The decomposition of ZnO hierarchical architectures was measured by monitoring the change of Zn2+ concentration in the culture media at different time intervals via atomic absorption spectroscopy. As shown in Figure 5, a significant enhancement of Zn2+ concentration was observed with increasing incubation time. This result suggests that the decomposition process occurred during the incubation period. It is noteworthy that the release of Zn2+ in the ZnO NPs-treated group was lower than that in the other groups at a dose of 8 μg/mL, but higher than in the prism-like and flower-like ZnO-treated group at a dose of 80 μg/mL. The highest Zn2+ concentration was observed in the ZnO microspheres-treated group at both tested doses (e.g., ca. 3.7 to 9.6 μg/mL at time intervals from 6 to 48 h at a dose of 80 μg/mL). These results suggest that at a dose of 80 μg/mL, the release of Zn2+ from both ZnO NPs and microspheres was faster than from the flower-like and prism-like ZnO. This result is consistent with the cytotoxic effect observed via the MTT assay.

Figure 5
figure 5

Changes of Zn2+concentration in the culture medium at different treatment times of ZnO architectures. (a) at tested dose of 8 μg/mL and (b) at tested dose of 80 μg/mL.

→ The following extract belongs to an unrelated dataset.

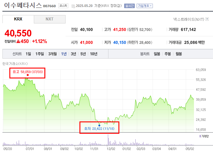 2024년 11월 18일부터 2025년 5월 19일까지: 2024년 11월 18일 최저점을 찍은 후, 주가는 강력한 상승세로 전환되었다. 12월과 2025년 1월에 걸쳐 꾸준히 상승하였고, 2월과 3월에도 상승 폭을 확대하며 높은 고점을 형성하였다. 4월에는 잠시 조정을 거쳤으나, 5월 초부터 다시 상승하여 5월 19일 기준 40,550원을 기록하며 분석 기간을 마무리하였다.
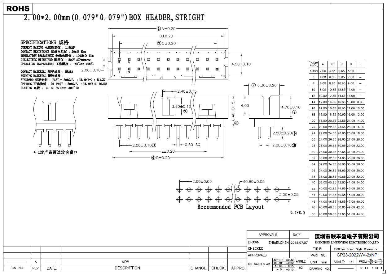 產品簡介品名:簡牛規格:插件/直式180°間距:2.00mmPIN數:6-50PIN備注:簡牛連接器系列

Compared with bulk counterparts, more atoms are located on the surfaces of smaller NPs, which can interact with biological systems more effectively [28]. In the present work, ZnO NPs and hollow microspheres consisting of NPs displayed more significant cytotoxic effects in dose- and time-dependent manners on RSC96 Schwann cells than the bulk prism-like and flower-like structures. This implies that the cytotoxic effects of complex architectures are most likely predominated by the nanoscale building blocks. The precise cytotoxic mechanisms of ZnO nanostructures still remain indistinct. ZnO NPs can induce a significant accumulation of intracellular reactive oxygen species (ROS) in various cells (such as monocytes and lymphocytes and WIL2-NS human lymphoblastoid cells) in a size-dependent manner. This treatment of ZnO NPs results in the direct alteration of mitochondrial functionality, increase of intracellular Ca2+ level, and expression of genes involved in apoptosis and oxidative stress responses [2931]. In the present work, ZnO NPs and microspheres induced significant cell apoptosis in a dose-dependent manner. The treatment of RSC96 cells with ZnO hierarchical architectures resulted in a remarkable G2/M cell cycle arrest, even at a sublethal dose (8 μg/mL), implying the early DNA damage. Furthermore, the release of Zn2+ in the cell culture media was consistent with the cytotoxic effect of ZnO hierarchical architectures on RSC96 Schwann cells. Alterations in Zn2+ homeostasis displayed powerful stimulatory effects on multiconductance cation channels in the inner mitochondrial membrane and ROS generation. A loss of Zn2+ homeostasis may result in cell apoptosis or necrosis [16, 32]. Moreover, the effects of Zn2+ level on Ca2+ homeostasis were also reported which is another crucial signal pathway closely related to cell apoptosis and necrosis [31, 33]. The effects of ZnO NPs on the cell cycle have rarely been studied. Wang et al. [34] reported that the exposure of human embryonic kidney HEK293 cells to SiO2 NPs results in the accumulation of cells in the G2/M phase in a dose-dependent manner. AshaRani et al. [35] found that Ag NPs caused a concentration-dependent increase of cell population in the G2/M phase in both normal human lung fibroblast IMR90 cells and human glioblastoma U251cells.

Conclusions

In summary, the cytotoxic effects of ZnO hierarchical architectures, such as NPs and hollow microspheres consisting of NPs, the prism-like and flower-like structures, were evaluated using RSC96 Schwann cells as the model. The ZnO NPs and microspheres displayed significant cytotoxic effects on RSC96 Schwann cells in time- and concentration-dependent manners. The treatment of cells with ZnO NPs and microspheres induced remarkable cell apoptosis and G2/M cell cycle arrest which were associated with the decomposition of ZnO hierarchical architectures and the subsequent release of Zn2+ in the culture media. These results provide new insights into the cytotoxic effects of complex architectures that could be prominently dominated by nanoscale building blocks.